SU DINERO PERSONAL: a la hora de entregar mi explotación a un tercero
Quienes tienen al menos una de las casi 39.000 licencias de taxi existentes en la Ciudad de Buenos Aires (una de las tasas por habitante más altas del mundo) suelen asegurar que es una buena inversión, pero no son pocas las voces que alertan que la opción de tercerizar el manejo, ya sea dando en alquiler la matrícula o contratando a un chofer, puede cambiar por completo la ecuación establecida en los papeles.

Yendo a los papeles, cabe destacar que el valor de la ficha de taxi en junio de 2003 era de $ 0,16, apenas por encima del costo promedio de la convertibilidad. El último aumento de octubre pasado llevó ese precio a $ 1,32 en el horario nocturno y $ 1,10 de 6 a 22; es decir, el producto de la explotación del taxi se disparó exponencialmente en la última década por encima de cualquier pauta inflacionaria. Las autorizaciones de alzas recientes dadas por el Gobierno de la Ciudad indican que la tendencia seguirá siendo la misma.

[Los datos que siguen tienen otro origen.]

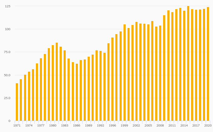 Gross School Enrollment, Female (Primary Education) rose 1.83% to 124% in Togo in 2020

Para acceder a una licencia, se la puede comprar o alquilar. Para el primer caso, es posible comprar auto y licencia por vías separadas. O, la alternativa más cómoda pero también un poco más costosa es adquirir un auto que ya tiene la licencia, por ejemplo, en agencias específicas (las más antiguas están sobre la avenida Rivadavia al 10.000), explicó David Soto, de www.licenciadetaxi.com.ar, una gestoría que se encarga de la compraventa de matrículas y del alquiler a través de internet.

Así, para el caso en que se desee adquirir sólo una licencia, el mercado es poco fluido porque no se emiten nuevas (hay muchos más taxis por habitante en Buenos Aires que en casi todas las grandes urbes del mundo). Son pocas las personas que venden las licencias, afirmó Soto, aunque dijo que, de todos modos, siempre aparece algún vendedor.

Ante la pregunta de cuál es el valor de una licencia, Viernes realizó un sondeo que arrojó un valor de 150.000 pesos. A este monto se deben añadir otros costos, como el Impuesto a la Transferencia, que equivale a 20.000 fichas (al valor de 1,1 peso cada ficha; 22.000 pesos) y, también, el valor de la escritura pública, que según qué gestoría lo haga, oscila entre 1.700 y 2.500 pesos.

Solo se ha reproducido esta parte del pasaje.